Info Sukabumi

Pangkas Rantai Distribusi, Sekda Ade Suryaman Tegaskan Pasar Induk Jubleg Strategis Serap Hasil Agribisnis Daerah

SUKABUMI – Pemerintah Kabupaten Sukabumi terus mematangkan rencana besar pembangunan Pasar Jubleg menjadi pasar induk daerah. Kehadiran pusat perniagaan ini dinilai sangat krusial untuk menyerap potensi perputaran hasil agribisnis yang melimpah dari 47 kecamatan dan 381 desa di seluruh wilayah Kabupaten Sukabumi.

Langkah strategis tersebut dibahas secara mendalam dalam Rapat Koordinasi Perubahan Berita Acara Justifikasi Teknis Pembangunan Pasar Jubleg.

Dalam revisi justifikasi teknis ini, Pasar Induk Jubleg dirancang dengan total luas bangunan mencapai 6.700 meter persegi. Fasilitas ini diproyeksikan mampu menampung 266 pedagang, yang terbagi rata ke dalam 133 unit kios dan 133 unit meja atau los.

Rapat yang digelar bersama Kementerian Perdagangan RI dan instansi terkait ini dibuka langsung oleh Sekretaris Daerah (Sekda) Kabupaten Sukabumi, H. Ade Suryaman, secara virtual dari Pendopo Sukabumi pada Jumat (18/9).

Dalam arahannya, Sekda Ade Suryaman menekankan bahwa selama ini hasil bumi dari Kabupaten Sukabumi lebih banyak dikirim ke pasar induk di luar daerah, seperti Jakarta dan Bandung. Kondisi tersebut dinilai kurang efisien bagi para petani lokal.

indihome sukabumi

“Apabila dibangun di Pasar Jubleg yang posisinya sangat strategis dan berbatasan langsung dengan wilayah kota serta Cianjur, kita berharap hasil panen petani tidak perlu lagi dikirim terlalu jauh. Semuanya bisa ditampung langsung di sini,” tegasnya.
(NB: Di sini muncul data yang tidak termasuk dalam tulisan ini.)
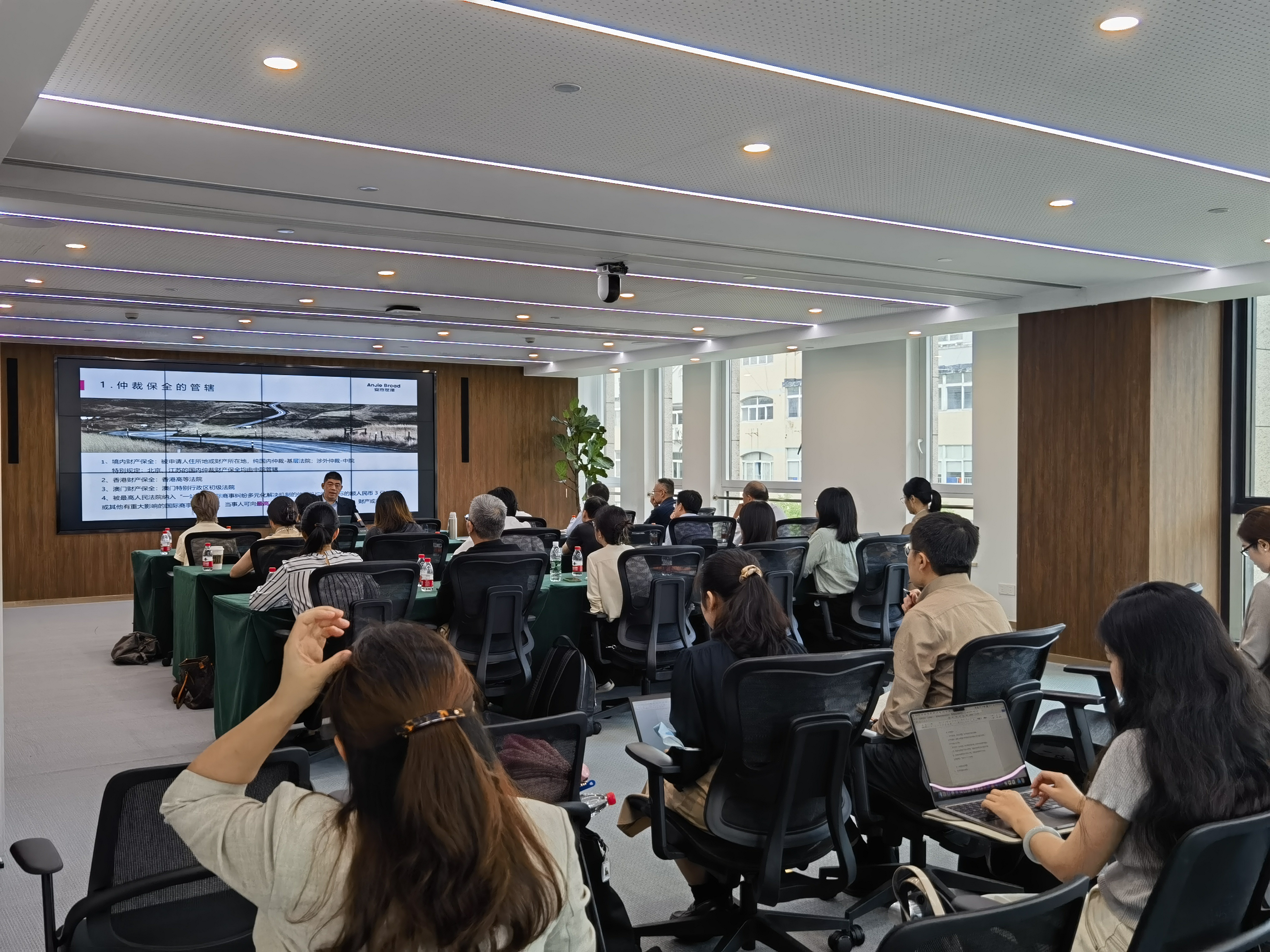 在接近兩個小時的培訓中,連律師從商事仲裁的九個程序要點出發,向青年律師介紹了商事仲裁各個環節的代理要點,包括仲裁協議的有效性、仲裁機構的選擇、仲裁保全的技巧、如何對仲裁管轄提出異議、如何引入其他當事人等等。連律師結合自身辦案經驗,從實務案例出發討論仲裁與訴訟的區別與聯系,分析律師在代理商事仲裁案件時應當重點掌握的能力與技巧。作為上海國際仲裁中心和上海仲裁委員會的仲裁員,連律師也從仲裁員的角度分享了商事仲裁案件的一般裁判原則,以及仲裁員對代理律師的期待。

Pemkab Sukabumi berharap pemerintah pusat dapat segera menyetujui dan merealisasikan pembangunan fisik Pasar Induk Jubleg.
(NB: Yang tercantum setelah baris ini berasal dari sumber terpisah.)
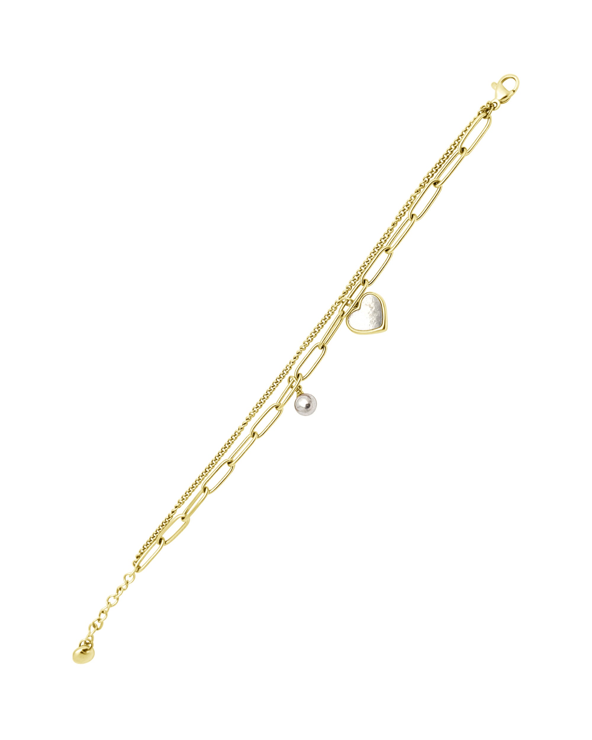 BRACELET EN ACIER DORE DOUBLE MAILLE COEUR NACRE ET PERLE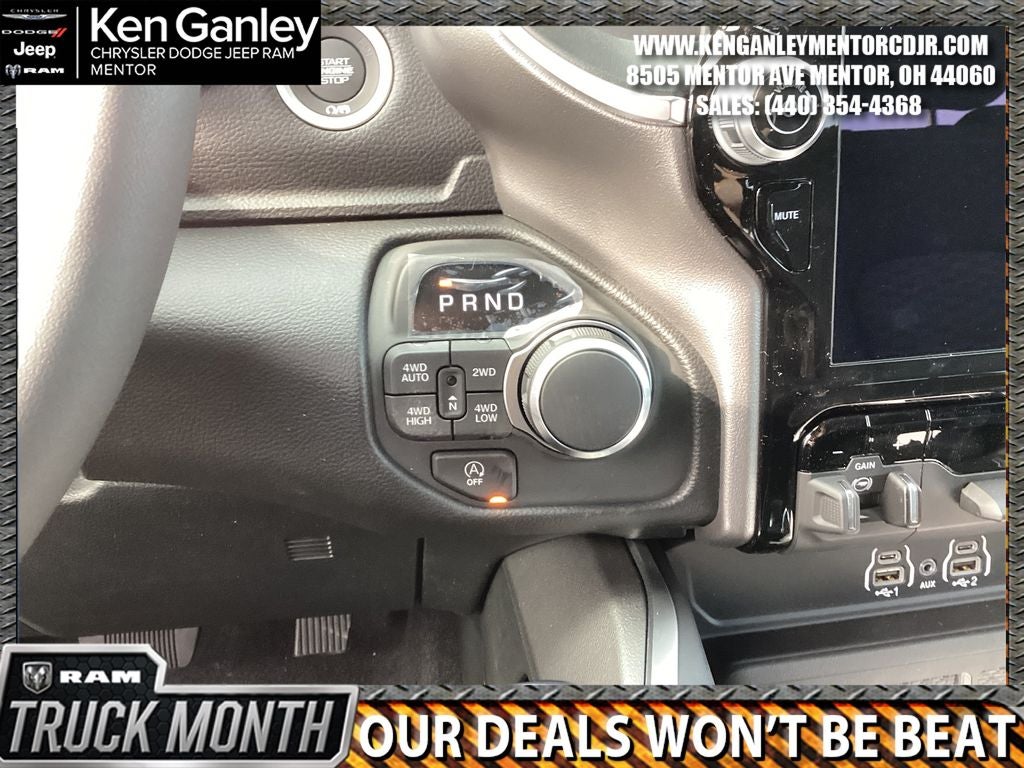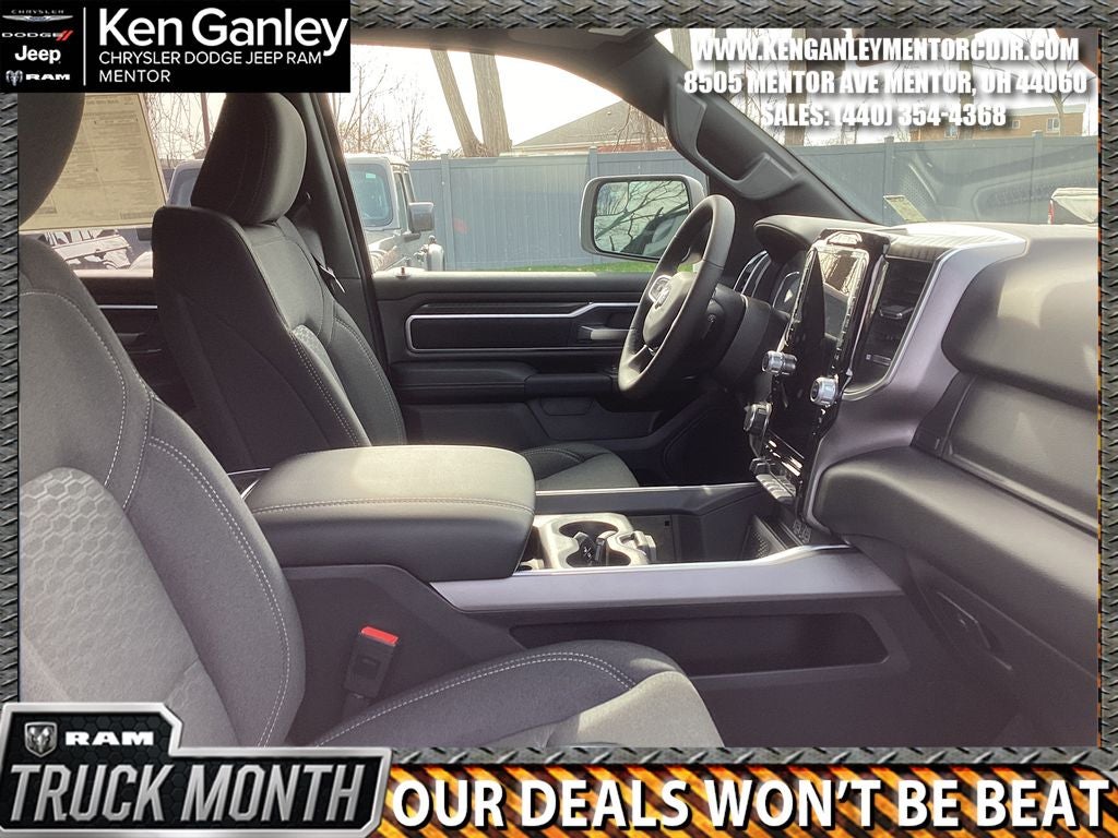*ParkView Rear Back-Up Camera, 115V Auxiliary Power Outlet, 115V Auxiliary Rear Power Outlet, 12 Touchscreen Display, 2nd Row in Floor Storage Bins, 3 Rear Seat Head Restraints, 4 Way Front Headrests, 4-Wheel Disc Brakes, 400W Inverter, 48V Belt Starter Generator, 4G LTE Wi-Fi Hot Spot, 6 Speakers, 9 Amplified Speakers with Subwoofer, ABS brakes, Accent Color Door Handles, Accent Color Premium Power Mirrors, Accent Color Tailgate Handle, Air Conditioning, Air Conditioning ATC with Dual Zone Control, Alloy wheels, AM/FM radio, Anti-Spin Differential Rear Axle, Apple CarPlay, Apple CarPlay/Android Auto, Auto High-beam Headlights, Auto Power-Folding Mirrors, Auto-Dimming Exterior Driver Mirror, Auto-Dimming Rear-View Mirror, Big Horn Level 2 Equipment Group, Black Exterior Mirrors, Black Exterior Truck Badging, Black Headlamp Bezels, Black Interior Accents, Black Painted Exterior Mirrors Caps, Black Premium Power Mirrors, Black Tail Lamp Bezels, Body Color Fender Flares, Body Color Front Bumper, Body Color Rear Bumper with Step Pads, Brake assist, Bucket Seats, Bumpers: chrome, Center Console Parts Module, Cloth Bucket Seats, Cluster 12 TFT Color Display, Cluster 7.0 TFT Color Display, Compass, Configurable Drive Mode, Connected Travel and Traffic Services, Connectivity - US/Canada, Convex Wide-Angle Exterior Mirror Insert, Delay-off headlights, Deluxe Cloth Bucket Seats, Disassociated Touchscreen Display, Driver door bin, Dual Exhaust with Black Tips, Dual front impact airbags, Dual front side impact airbags, Electronic Stability Control, Exterior Mirrors Courtesy Lamps, Exterior Mirrors with Heating Element, Exterior Mirrors with Supplemental Signals, Front anti-roll bar, Front Bucket Seats, Front Center Armrest w/Storage, Front fog lights, Front License Plate Bracket, Front reading lights, Front Seat Back Map Pockets, Front wheel independent suspension, Full Length Floor Console, Fully automatic headlights, Global Telematics Box Module, Glove Box Lamp, Google Android Auto, GPS Antenna Input, GPS Navigation, Grille Black Surround Black Mesh, HD Radio, Heated door mirrors, Heated Front Seats, Heated Steering Wheel, Illuminated entry, Integrated Center Stack Radio, Integrated Voice Command with Bluetooth®, Leather Wrapped Steering Wheel, LED Dome Lamp with on/Off Switch, LED Footwell Lighting, Low tire pressure warning, Manual Adjust 4-Way Driver Seat, Manual Adjust 4-Way Front Passenger Seat, Manual Folding Exterior Mirrors, Media Hub with 2 Charge Only USBs, MOPAR Front and Rear Rubber Floor Mats, MOPAR Paint Protection Film, MyFlexCare Service Plan, Night Edition, Occupant sensing airbag, Outside temperature display, Overhead airbag, Overhead console, Overhead LED Lamps, Panic alarm, Passenger door bin, Passenger vanity mirror, Power 2-Way Driver Lumbar Adjust, Power Adjust 8-Way Driver Seat, Power Adjustable Pedals, Power door mirrors, Power steering, Power windows, Premium Overhead Console, Quick Order Package 21Z Big Horn, Radio data system, Radio: Uconnect 5 Navigation with 12.0 Display, Radio: Uconnect 5 W with 8.4 Display, RAM Grille Badge - Black, RAM Grille Badge - Chrome, Rear 60/40 Folding Seat, Rear anti-roll bar, Rear Center Armrest, Rear Power Sliding Window, Rear step bumper, Rear Wheelhouse Liners, Rear Window Defroster, Remote keyless entry, Remote Tailgate Release, Security Alarm, SiriusXM Radio Service, SiriusXM with 360L, Speed control, Steering Wheel Mounted Audio Controls, Sun Visors with Illuminated Vanity Mirrors, Supplier Part Tracking (J-1), Tachometer, Telescoping steering wheel, Tilt steering wheel, Traction control, Trailer Brake Control, Trip computer, Universal Garage Door Opener, USB Host Flip, Variably intermittent wipers, Voltmeter, Wheels: 20 x 9.0 Aluminum Painted Clad. PRICING AVAILABLE TO ALL CUSTOMER!!! WE ARE ONE OF OHIO'S LEADING VOLUME DEALERSHIPS COME SEE OUR HUGE SELECT Price includes: $3500 - 2026 National Retail Bonus Cash . Exp. 04/30/2026

“Keberadaan fasilitas ini diharapkan mampu memotong rantai distribusi pasokan hasil bumi, menurunkan biaya logistik, dan bermuara pada peningkatan kesejahteraan nyata bagi para petani serta pedagang lokal,” tandas Ade.

Sementara itu, Kepala Dinas Perdagangan dan Perindustrian (Disdagin) Kabupaten Sukabumi, Dani Tarsoni, memaparkan poin-poin perubahan usulan teknis yang diajukan kepada kementerian. Guna mempercepat realisasi, Pemerintah Kabupaten Sukabumi melakukan penyesuaian lahan dengan memaksimalkan aset daerah yang tersedia (existing).

“Dari rencana awal pembangunan fisik seluas 5 hektar, kini disesuaikan menjadi 2 hektar dengan memaksimalkan lahan aset daerah yang membentang hingga ke batas jalan provinsi,” ungkapnya .

Disdagin Kabupaten Sukabumi menargetkan seluruh kelengkapan dokumen persetujuan administratif dapat dituntaskan paling lambat pada 7 Oktober mendatang.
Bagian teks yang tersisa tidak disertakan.